- [Supplied information]
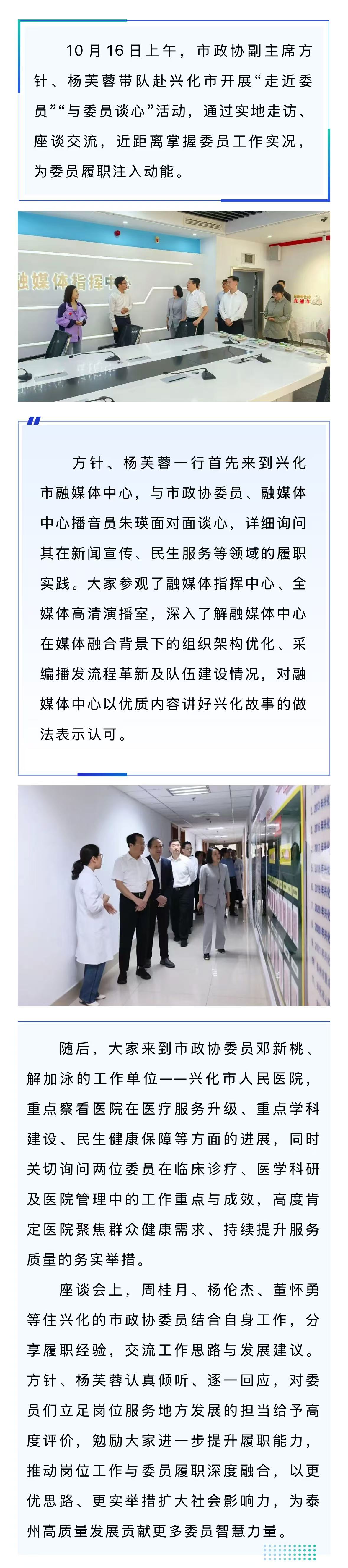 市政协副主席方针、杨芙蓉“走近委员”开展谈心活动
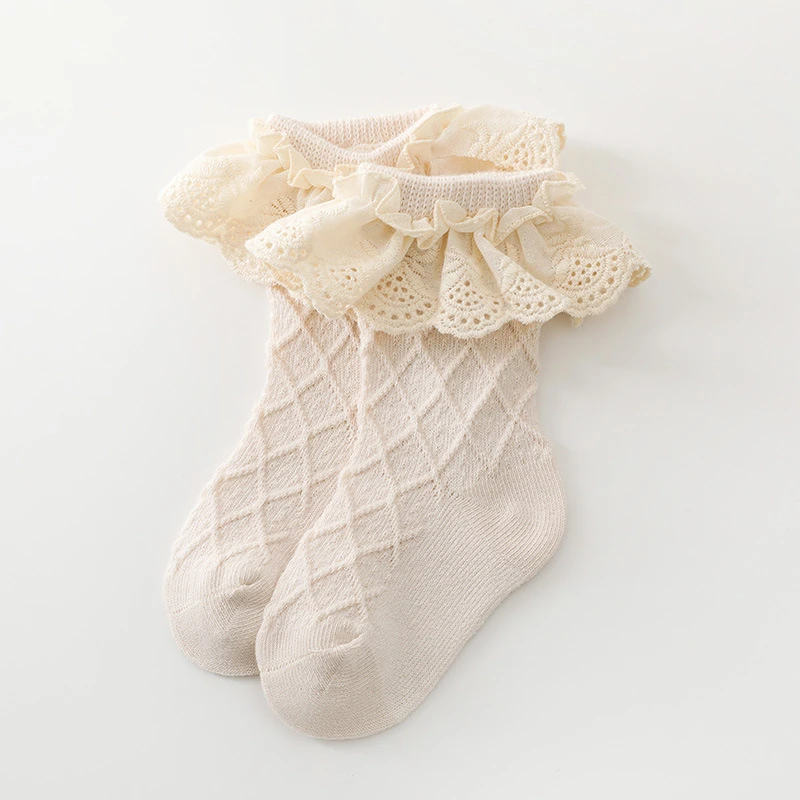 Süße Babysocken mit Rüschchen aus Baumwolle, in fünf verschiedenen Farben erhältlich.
--
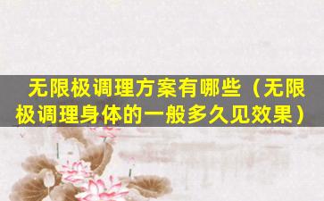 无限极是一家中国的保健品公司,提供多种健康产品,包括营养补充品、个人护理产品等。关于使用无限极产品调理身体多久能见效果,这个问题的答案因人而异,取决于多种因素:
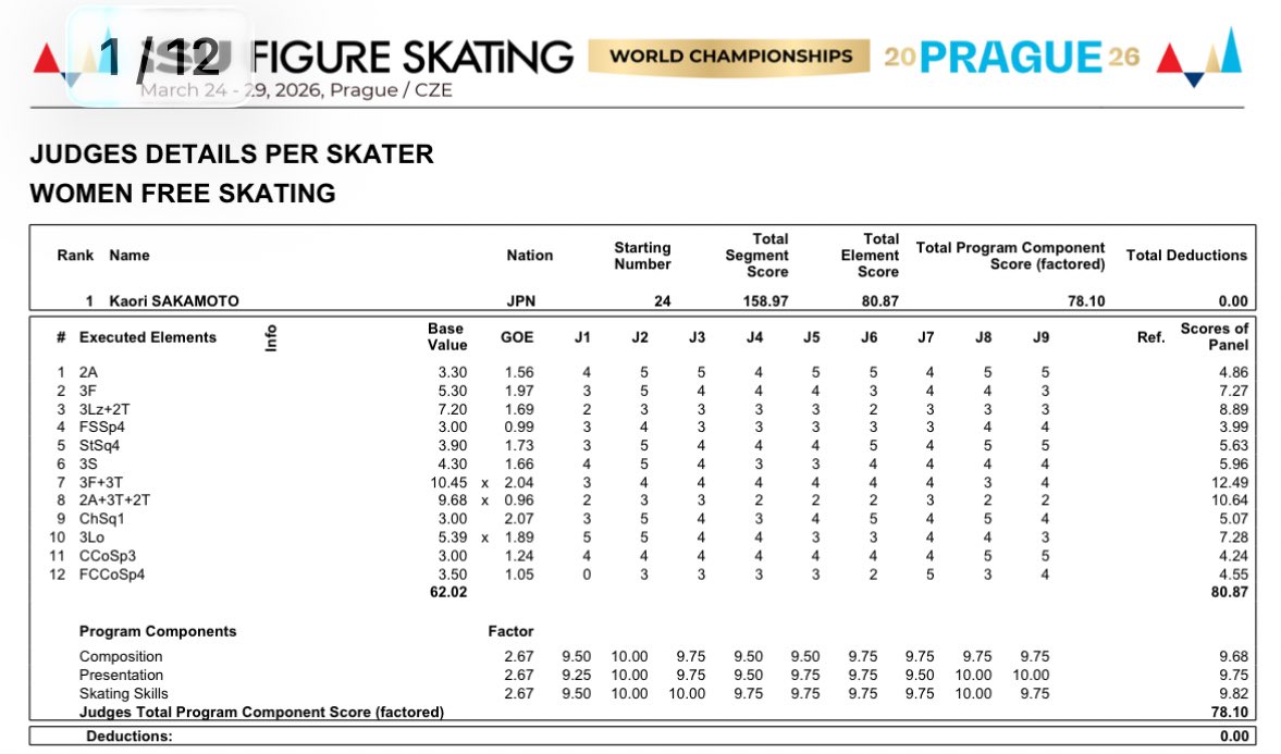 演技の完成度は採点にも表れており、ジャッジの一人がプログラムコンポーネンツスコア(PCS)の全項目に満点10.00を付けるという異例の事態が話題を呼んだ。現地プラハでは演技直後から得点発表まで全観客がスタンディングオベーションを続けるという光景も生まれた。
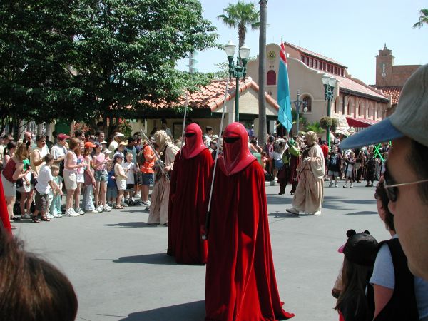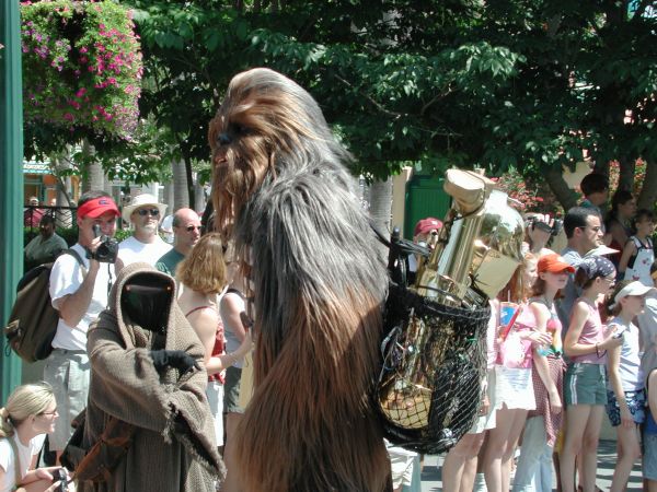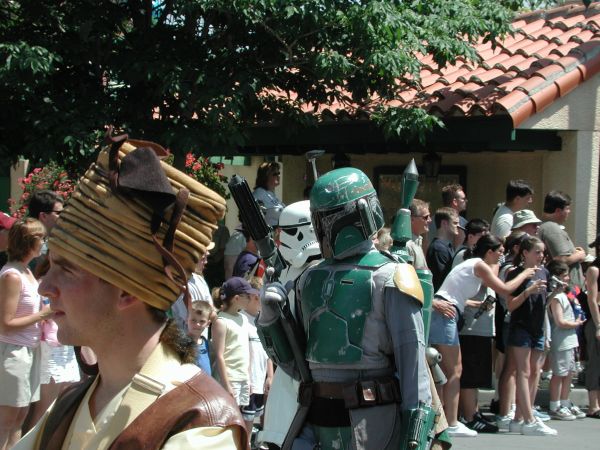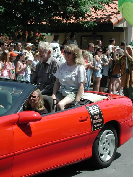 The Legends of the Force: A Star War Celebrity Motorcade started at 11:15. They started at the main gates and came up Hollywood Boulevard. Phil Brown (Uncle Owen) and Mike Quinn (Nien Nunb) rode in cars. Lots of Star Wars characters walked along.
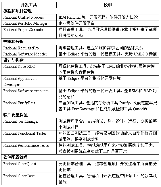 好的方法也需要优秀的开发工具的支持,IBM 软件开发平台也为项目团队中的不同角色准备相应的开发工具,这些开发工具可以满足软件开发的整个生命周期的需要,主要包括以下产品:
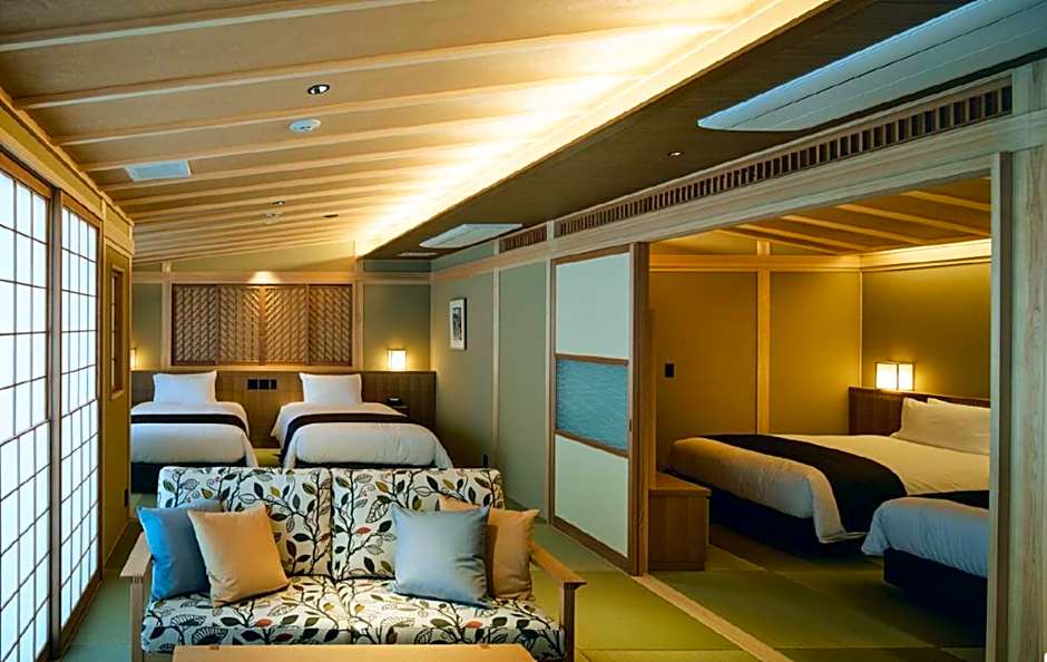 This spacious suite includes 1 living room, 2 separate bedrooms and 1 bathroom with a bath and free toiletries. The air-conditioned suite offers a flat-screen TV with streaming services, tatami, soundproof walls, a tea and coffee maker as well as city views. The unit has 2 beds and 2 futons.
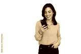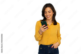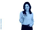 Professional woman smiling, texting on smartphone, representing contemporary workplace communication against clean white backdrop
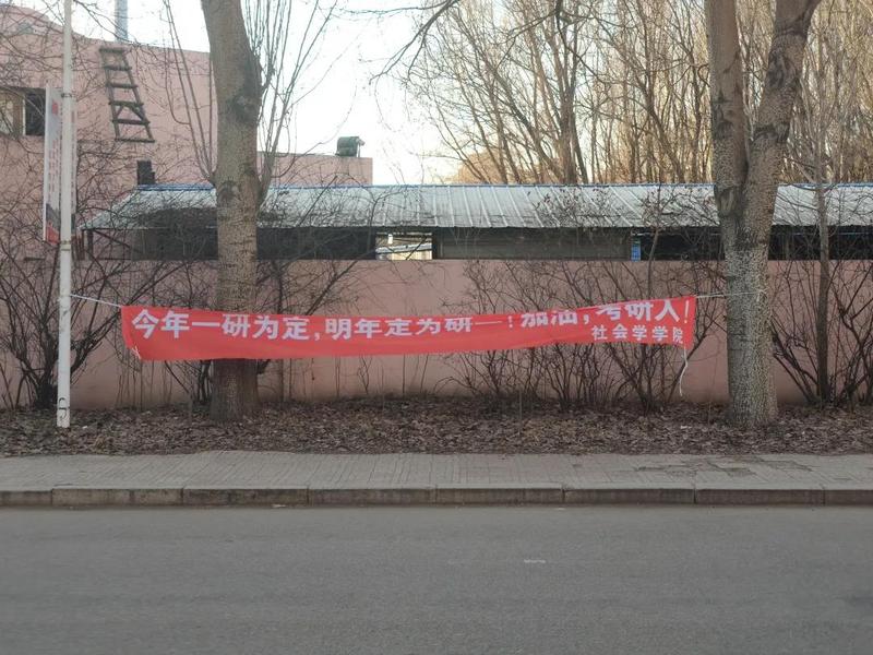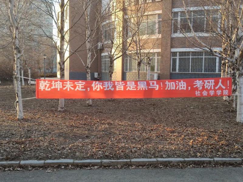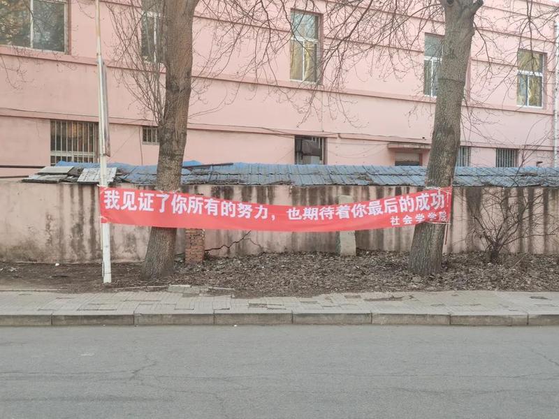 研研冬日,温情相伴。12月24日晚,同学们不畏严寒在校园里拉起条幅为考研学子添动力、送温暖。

- [Exercise objective] Your answer should be the lines above, word for word, from the line with "演技の完成度は採点にも表れて" through the line with "The Legends of", minus the pictures.

- [Answer to this exercise]
 演技の完成度は採点にも表れており、ジャッジの一人がプログラムコンポーネンツスコア(PCS)の全項目に満点10.00を付けるという異例の事態が話題を呼んだ。現地プラハでは演技直後から得点発表まで全観客がスタンディングオベーションを続けるという光景も生まれた。
 The Legends of the Force: A Star War Celebrity Motorcade started at 11:15. They started at the main gates and came up Hollywood Boulevard. Phil Brown (Uncle Owen) and Mike Quinn (Nien Nunb) rode in cars. Lots of Star Wars characters walked along.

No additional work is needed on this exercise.